You can find the values of these variables in Kibana's APM tutorial. In Kibana:

  1. Search for APM Tutorial.
  2. Scroll down to the APM Agents section and select the OpenTelemetry tab.
  3. The appropriate values for OTEL_EXPORTER_OTLP_ENDPOINT and OTEL_EXPORTER_OTLP_HEADERS are shown there. For example:
    export OTEL_EXPORTER_OTLP_ENDPOINT=https://my-deployment.apm.us-west1.gcp.cloud.es.io
    export OTEL_EXPORTER_OTLP_HEADERS="Authorization=Bearer P....l"

Kibana's APM tutorial showing OTel settings

For more information on all the available configuration options, refer to Configuration.

Initialize EDOT Node.js

For EDOT Node.js to automatically instrument modules used by your Node.js service, it must be started before you require your service code's dependencies -- for example, before express or http are loaded.

The recommended way to get the distro started is by using the -r, --require Node.js CLI option:

node --require @elastic/opentelemetry-node my-service.js

EDOT Node.js will automatically instrument popular modules (listed in Supported technologies) used by your service, and send traces, metrics, and logs telemetry data (using OTLP) to your configured observability backend.

Confirm that EDOT Node.js is working

To confirm that EDOT Node.js has successfully connected to Elastic:

  1. Go to APMServices.
  2. You should see the name of the service to which you just added EDOT Node.js.
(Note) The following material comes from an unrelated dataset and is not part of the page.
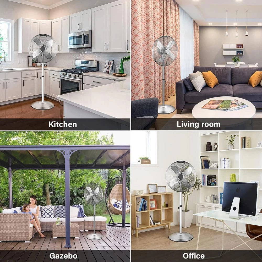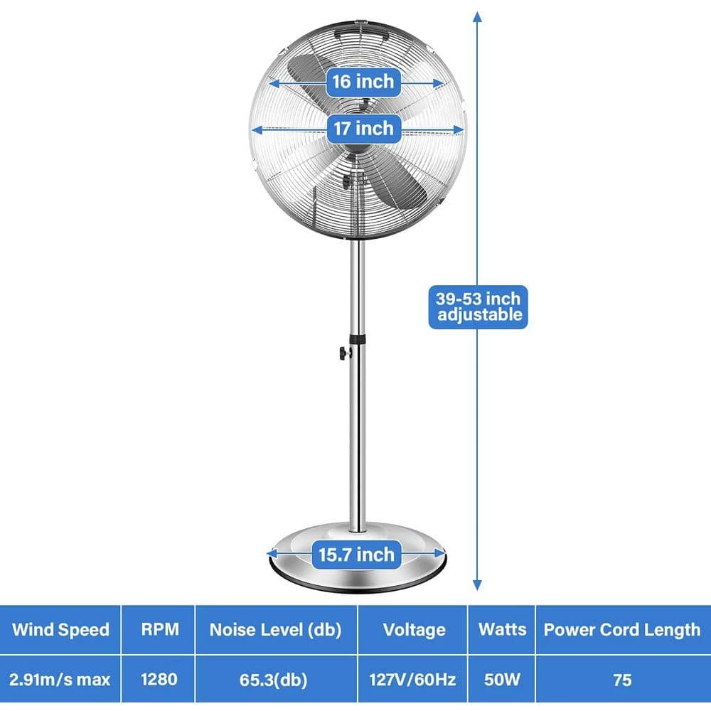 - 3 powerful speeds: this high-velocity fan features easy-to-switch speed by the rotary switches. 3 powerful speeds and aluminum blades create the maximum air velocity of 2100 CFM, the powerful wind will cool the space where it’s positioned

It can take several minutes after initializing EDOT Node.js for the service to show up in this list.
  3. Click on the name in the list to see trace data.

![NOTE] There may be no trace data to visualize unless you have used your application since initializing EDOT Node.js.

Tip

Alternatively, if you are able to see the stdout from your service, you can look for an "INFO" level log message, start Elastic Distribution of OpenTelemetry Node.js, at startup to confirm that EDOT Node.js is up and running.